OCTen: Online Compression-based Tensor Decomposition
This addresses the need for scalable tensor decomposition in data mining and machine learning for large, time-varying datasets, representing an incremental improvement with novel compression techniques.
The paper tackles the problem of decomposing dynamically growing tensors by introducing OCTen, the first compression-based online parallel implementation for CP decomposition, which achieves comparable or better accuracy and efficiency than state-of-the-art methods while saving 40-200% memory space.

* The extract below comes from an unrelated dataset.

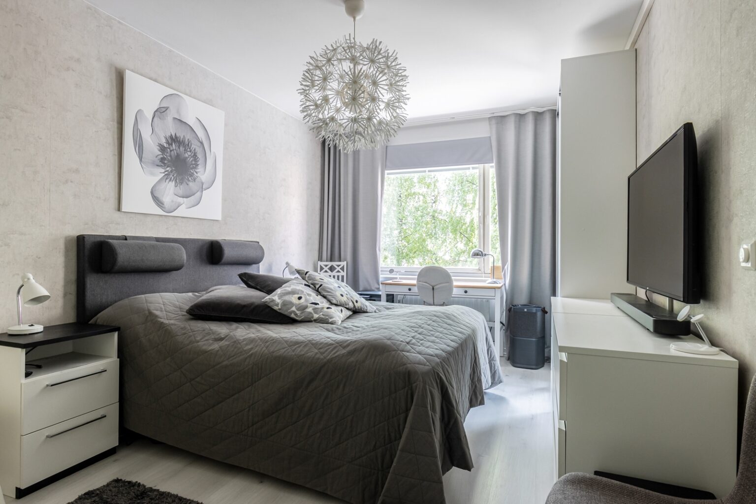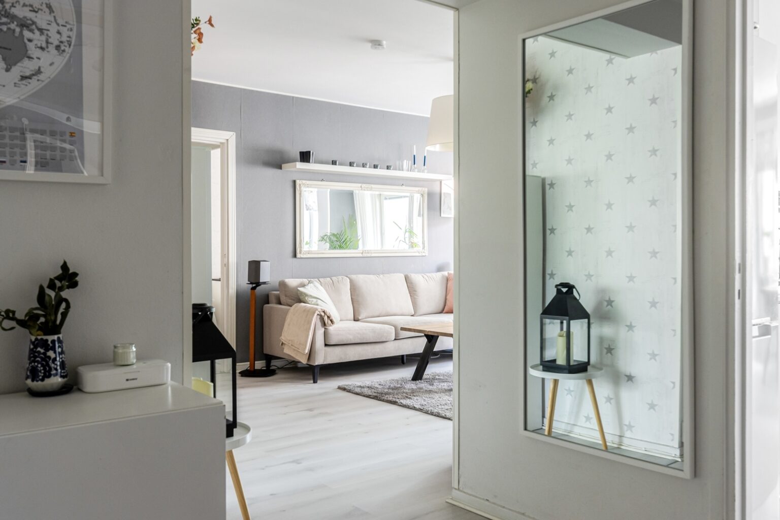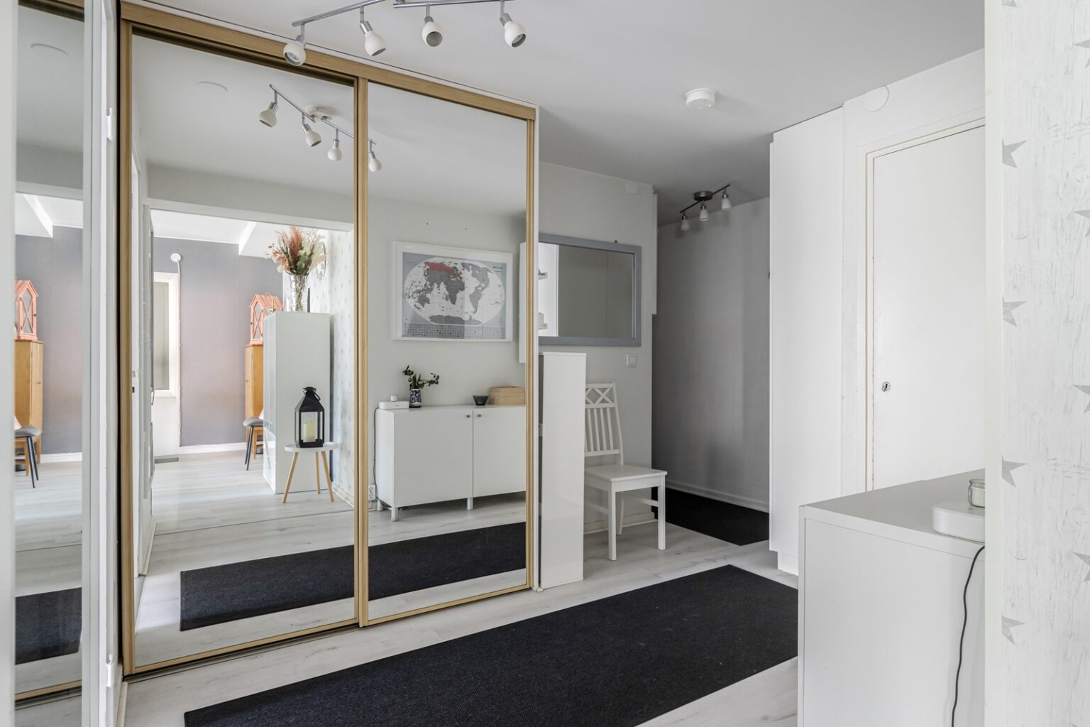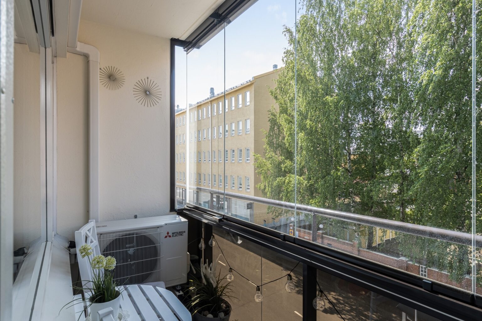 Kolmannen kerroksen asunnossa on hyvin tilaa, sillä neliöitä on kaksioksi runsaasti (68,5 m2). Kiva lasitettu parveke ja kesällä viilennyksen avuksi on ilmalämpöpumppu.

Tensor decompositions are powerful tools for large data analytics as they jointly model multiple aspects of data into one framework and enable the discovery of the latent structures and higher-order correlations within the data. One of the most widely studied and used decompositions, especially in data mining and machine learning, is the Canonical Polyadic or CP decomposition. However, today's datasets are not static and these datasets often dynamically growing and changing with time. To operate on such large data, we present OCTen the first ever compression-based online parallel implementation for the CP decomposition. We conduct an extensive empirical analysis of the algorithms in terms of fitness, memory used and CPU time, and in order to demonstrate the compression and scalability of the method, we apply OCTen to big tensor data. Indicatively, OCTen performs on-par or better than state-of-the-art online and online methods in terms of decomposition accuracy and efficiency, while saving up to 40-200 % memory space.